Discriminating Similar Languages: Persian and Dari

Although widely-studied in recent years, Language Identification (LID) systems for determining the language of input texts often fail to discriminate between similar languages like Croatian-Serbian and Malay-Indonesian. This has brought attention to the task of discriminating similar languages, varieties and dialects – including a recent shared task [3]. Persian (also known as Farsi) and Dari (Eastern Persian, spoken predominantly in Afghanistan) are two close variants that have not hitherto been investigated in LID and we report the first results on this pair. Dari is a low-resourced but important language, particularly for the U.S. due to its ongoing involvement in Afghanistan, which has led to increasing research interest [1]. We developed a corpus of 28k sentences (14k per-language) and using character and word n-grams, we discriminated them with 96% accuracy. Out-of-domain cross-corpus evaluation was conducted to test the discriminative models’ generalizability, achieving 87% accuracy in classifying 79k sentences from the Uppsala Persian Corpus. Feature analysis revealed lexical, morphological and orthographic inter-language differences.
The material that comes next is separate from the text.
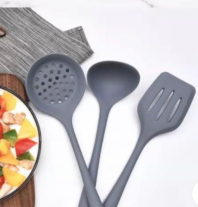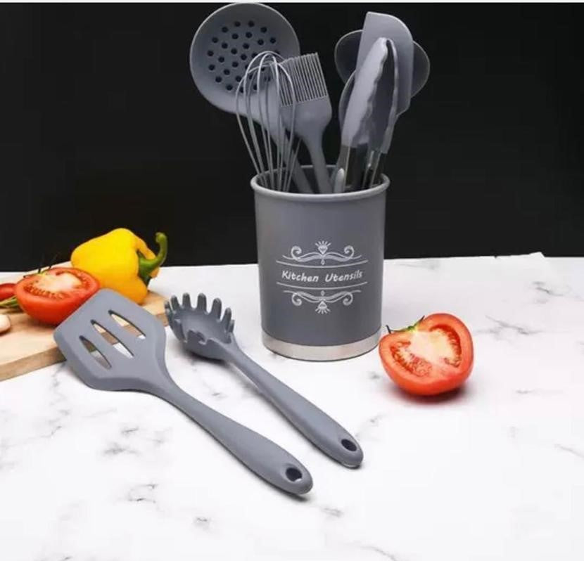 Transformați experiența gătitului cu setul nostru de 11 ustensile de bucătărie din silicon gri. Acest set include toate instrumentele esențiale de care aveți nevoie: clește, tel, pensulă, lingură cu fante, turner cu fante, ustensilă pentru paste, lingură, spatulă, lingură solidă, turner solid și ustensilă pentru ciorbă. Fiecare piesă este proiectată pentru a vă satisface toate nevoile culinare.

Further to determining document languages, LID has applications in character encoding detection, statistical machine translation, inducing dialect-to-dialect lexicons and authorship profiling in the forensic linguistics domain. In Information Retrieval it can help filter documents (e.g. news articles or search results) by dialect. LID can also be used in other Natural Language Processing tasks, including the adaptation of tools like part-of-speech taggers for low-resourced languages [2]. Since Dari is too different to directly apply Persian resources, the distinguishing features identified through LID can assist in adapting existing resources. BODY Language Identification methods using surface features can distinguish close linguistic variants Persian and Dari with 96% accuracy.